Both she and Elsie had removed their hats, and while Elsie’s hair dropped naturally into soft, flattened curls and rings, Geraldine’s clung damply in straight, short wisps to her neck and forehead, and she constantly raised her hand to push away, quite ineffectually, a straggling end that immediately fell down again.

“Hell, I call this,” she remarked shortly, as Elsie, stumbling over bags and packages and the feet of other passengers, reached her side and propped herself up against the side of the swaying train.

“You’re a nice one to take on a holiday, I must say,” Elsie retorted, but without acrimony. She felt that nothing would really matter if she could once get the assurance that she craved.

“Horace is in a foul temper. He never can stand the hot weather. I’m sure I hope it’ll be cooler at the sea than what it is here. Have you brought a new bathing costume, Geraldine?”

“M’m. A blue one, with a decent skirt—not one of those horrible skin-tight things you see in the picture papers. Improper, I call them.”

“You couldn’t be improper if you tried,” said Elsie cryptically. “Besides, there’ll be nobody to go in the water with you except me. Horace never bathes—makes him turn green, or something.”

She eyed her sister carefully as she spoke.

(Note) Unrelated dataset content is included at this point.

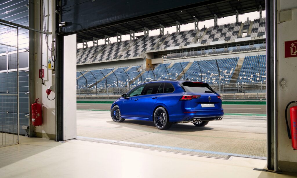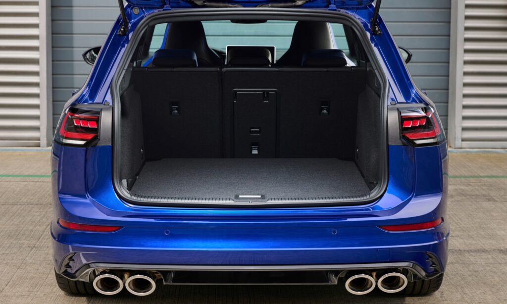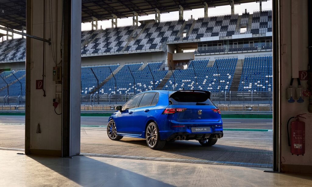 Kékre fényezett féknyergei, hatalmas légbeömlői, nagy hátsó szárnya és négy kipufogója van a Golf R-nek.
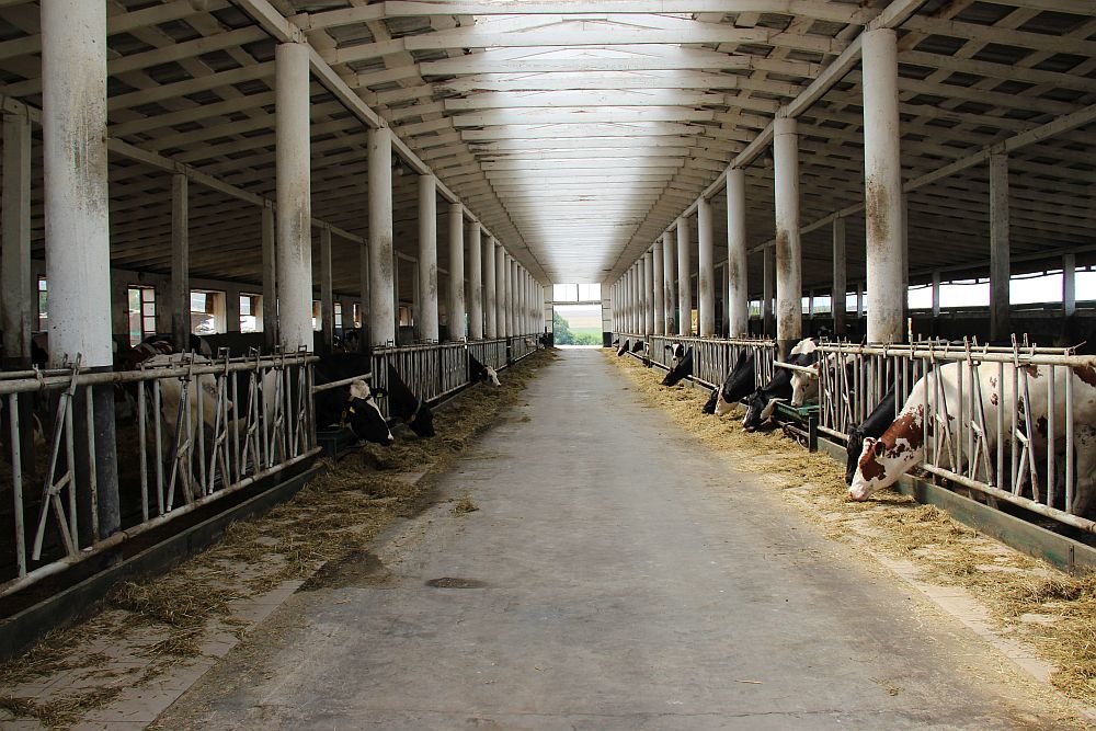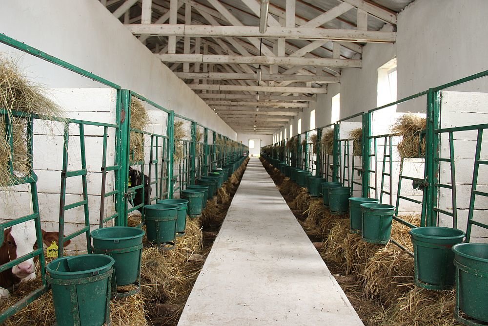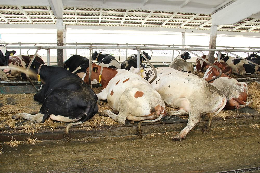 Для всех дойных коров стойла оборудованы резиновыми матами. Ранний и поздний сухостой держат на глубокой соломенной подстилке со свободным выходом на выгульные площадки.

Something in the wariness of Geraldine’s return glance gave her a rising hope.

“I’m sure I wish we were going to have someone we knew there. Horace would be much easier to keep in a decent temper if he had another man to go with sometimes.”

Then Geraldine spoke. “That boy Leslie Morrison said something about coming down one day this week, and spending part of his holiday at Torquay. He was awfully keen I should go and stay with his mother, near Bristol, too.”

“Was he? Well, you could do that later,” said Elsie. She was nearly breathless with triumph, but strove to make her voice sound matter-of-fact. “But I hope to goodness he will come to Torquay. It’ll make all the difference to Horace.”